- **Provided data**

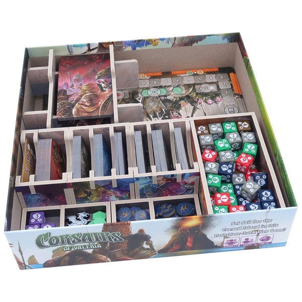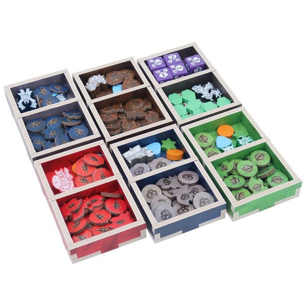 Official full colour insert compatible with Shadow Kingdoms of Valeria®, including space for the Rise of Titans® and Riftlands® expansions. The design provides both efficient storage and improved game play. Many of the trays can be utilised during the game, and they greatly aid set-up and clear-away times. The rules and boards act as a lid on top of the trays.
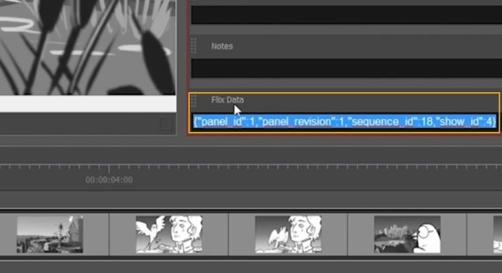 Exporting panels from Flix writes metadata into each panel containing its ID, revision, sequence, and show information. You can see that metadata in Storyboard Pro in the Flix Data field associated with each panel.
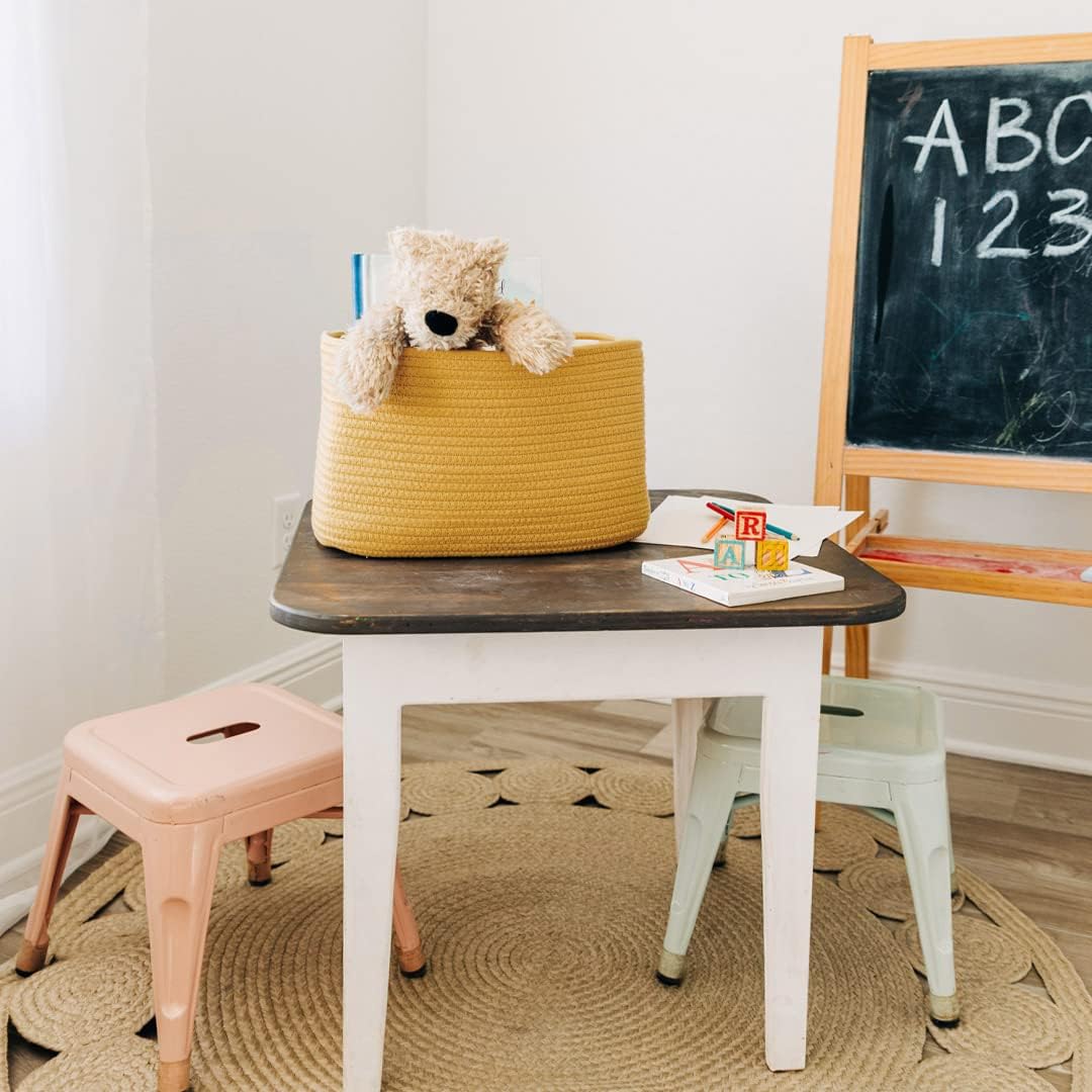 - Premium Cotton Rope Weave – These beautiful rainbow toy baskets are woven with high-quality, all-natural cotton to give them the right balance of softness and durability. This makes them great for bedrooms, nurseries, and laundry rooms as rainbow room decor.
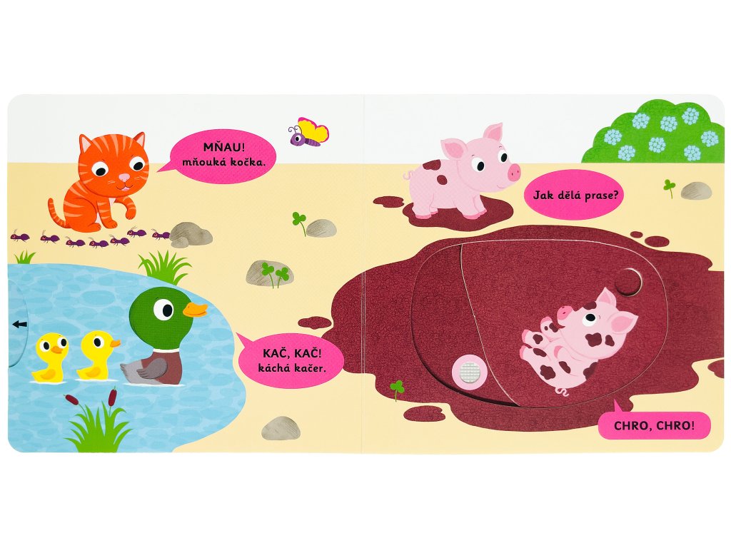 Objevovat svět zvuků s tímto leporelem je tak zábavné! Jak dělá kočka? Kdo kvoká na dvorku? A kdo chrochtá v blátě? Stačí jen vložit prstík do správného otvoru, lehce vysunout, zatáhnout, otočit ve směru šipky, stisknout tlačítko a hned bude váš malý objevitel či objevitelka znát odpovědi. Leporelo je určeno pro nejmenší děti a má pevné stránky s posuvnými a otočnými prvky, a tak si naši nejmenší mohou při prohlížení, rozeznávání věcí a poslouchání zvuků zvířat z farmy procvičit i jemnou motoriku.Knížka s prvky Montessori.

- **Exercise details**
Could the material above be given again in full and exactly, with its pictures left out?

- **Answer section**
 Official full colour insert compatible with Shadow Kingdoms of Valeria®, including space for the Rise of Titans® and Riftlands® expansions. The design provides both efficient storage and improved game play. Many of the trays can be utilised during the game, and they greatly aid set-up and clear-away times. The rules and boards act as a lid on top of the trays.
 Exporting panels from Flix writes metadata into each panel containing its ID, revision, sequence, and show information. You can see that metadata in Storyboard Pro in the Flix Data field associated with each panel.
 - Premium Cotton Rope Weave – These beautiful rainbow toy baskets are woven with high-quality, all-natural cotton to give them the right balance of softness and durability. This makes them great for bedrooms, nurseries, and laundry rooms as rainbow room decor.
 Objevovat svět zvuků s tímto leporelem je tak zábavné! Jak dělá kočka? Kdo kvoká na dvorku? A kdo chrochtá v blátě? Stačí jen vložit prstík do správného otvoru, lehce vysunout, zatáhnout, otočit ve směru šipky, stisknout tlačítko a hned bude váš malý objevitel či objevitelka znát odpovědi. Leporelo je určeno pro nejmenší děti a má pevné stránky s posuvnými a otočnými prvky, a tak si naši nejmenší mohou při prohlížení, rozeznávání věcí a poslouchání zvuků zvířat z farmy procvičit i jemnou motoriku.Knížka s prvky Montessori.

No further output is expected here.